Not sure what it takes to change the 'pillar' but looks like a bunch more rot around it. Rather than try to get all the 'right' sections, I'd cut out the rust and piece it in with sheet metal. Not sure what gauge that side stuff is. Panals are 20. Thats probably a little heavier. I think rockers are 16 or 18. If the rot on the floor is just in the flat area, I'd piece that as well. Spend the $ on things you cant make. And most important - closer to your goal of getting behind the wheel quicker.

Check out this thread.

http://www.forabodiesonly.com/mopar/showthread.php?t=192936

Love the comparison Poisondart makes to origami.

I have floor boards. It will be a while before a welder gets started. I need to get few more parts.
 
Cant wait for some more progress on this cliff.
Hopin to get patches for mine welded in soon. Seems mine will be easier to replace entire drivers side floor pan rather than patch it
 
You are making more progress than I am so far this year, so don't let me get you off track...but just a thought
I had been following your posts on getting things wired up for the welder. Not to get you off your plans for doing your wiring correct. I have the same one and did run a dedicated 20amp circuit. But.. that welder will function just fine on a 15 amp circuit and a 14 gauge extension in all but the highest range. For welding sheet metal you will be on the low end of the settings and probably never pull more than 5-7A. (You will be blowing holes before you would pop the breaker.) I never ran mine without gas, but it should have come with a roll of flux wire. I know some guys do everything with it. If nothing else, it would get you started and maybe take care of some of the stuff that won't be seen. Anyway, just thinkin out loud. Have fun
 
You are making more progress than I am so far this year, so don't let me get you off track...but just a thought
I had been following your posts on getting things wired up for the welder. Not to get you off your plans for doing your wiring correct. I have the same one and did run a dedicated 20amp circuit. But.. that welder will function just fine on a 15 amp circuit and a 14 gauge extension in all but the highest range. For welding sheet metal you will be on the low end of the settings and probably never pull more than 5-7A. (You will be blowing holes before you would pop the breaker.) I never ran mine without gas, but it should have come with a roll of flux wire. I know some guys do everything with it. If nothing else, it would get you started and maybe take care of some of the stuff that won't be seen. Anyway, just thinkin out loud.
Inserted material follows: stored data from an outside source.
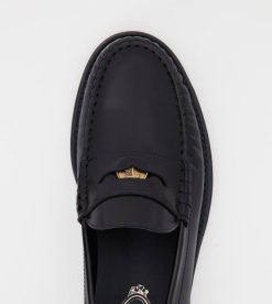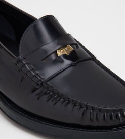 mocasini confectionati din piele eleganta semi-lucioasa cu cusaturi expuse manual. penny bar cu un accesoriu detașabil penny din metal de marcă, talpă exterioară din cauciuc cu pietricele de cauciuc în relief.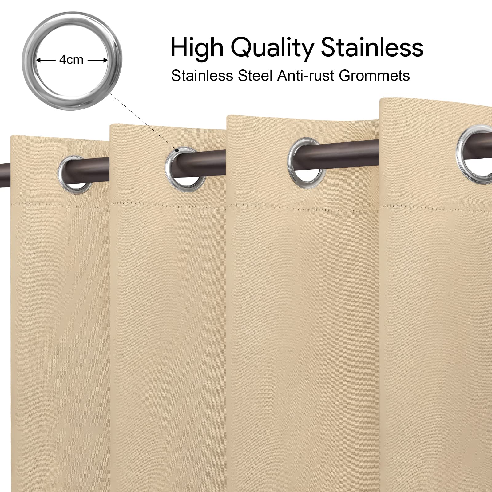 Cortinas Terraza Exterior, Cortina para Exteriores Impermeable con Anillos, Cortinas Exterior Terraza Adecuada para Balcones, Pérgolas y Terrazas (132 * 215 cm, Beige)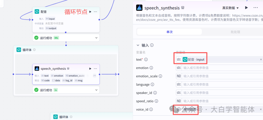 循环节点调用【语音合成】插件,依次生成文案音频。text选循环节点配音的每个文案,音色选【爽快思思】。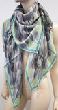 VASSILISA Mint Green & Grey Silk Mermaid Tail Print Extra Large Square Scarf

Have fun

Right now I don't have a dedicated circuit yet things is slow. But taking apart and making sure of all the rust issues and what needs to be repaired.
 
Damn. you are going to have to cut until you get into some solid metal to weld on to. that's a really bad spot to be rotted. I would skip the "pillar" or door jam and just fab pieces to fix whats there, unless you can just replace the rocker while you're at it .you are going to need something solid to weld the floor pan to. the best thing would be to just have the whole car blasted down to bare metal and go from there.
 
Damn. you are going to have to cut until you get into some solid metal to weld on to. that's a really bad spot to be rotted. I would skip the "pillar" or door jam and just fab pieces to fix whats there, unless you can just replace the rocker while you're at it .you are going to need something solid to weld the floor pan to. the best thing would be to just have the whole car blasted down to bare metal and go from there.
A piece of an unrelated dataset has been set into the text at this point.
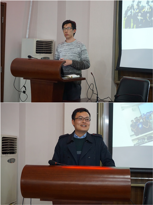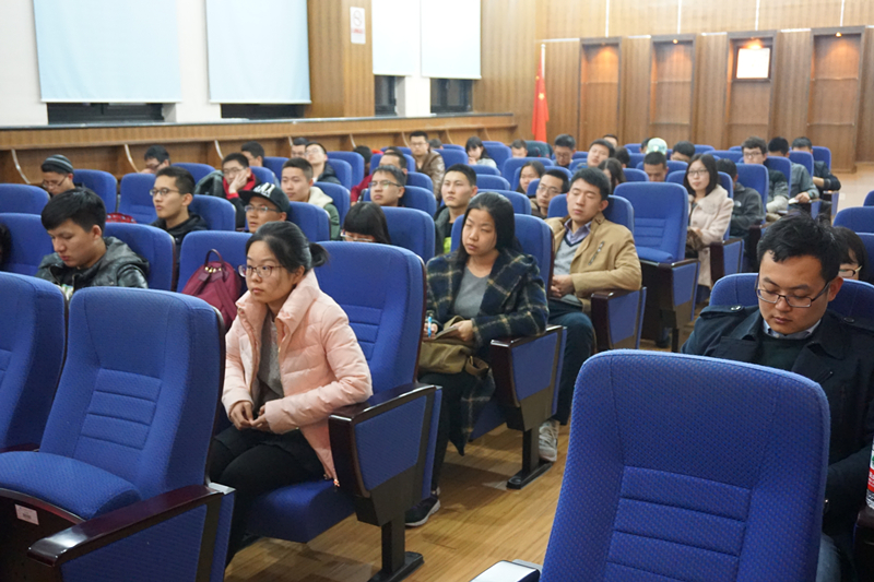 随后,学院分团委书记邵英华上台发言,对往届学生的就业、调剂以及出国情况进行了补充说明,并且提出了自己的建议。

Yeah the rockers are rotten. :banghead:
 
Keep up the good work cliff, you can cut out the rust and make singular patches and weld and grind em till they look and work right.....IT's JUST METAL
 
Keep up the good work cliff, you can cut out the rust and make singular patches and weld and grind em till they look and work right.....IT's JUST METAL
Thanks Curtis but this will be hard to do. My skill level is not that good. The A pillar will need replaced along with the outer rocker. I have a feeling the inner rocker is rotted.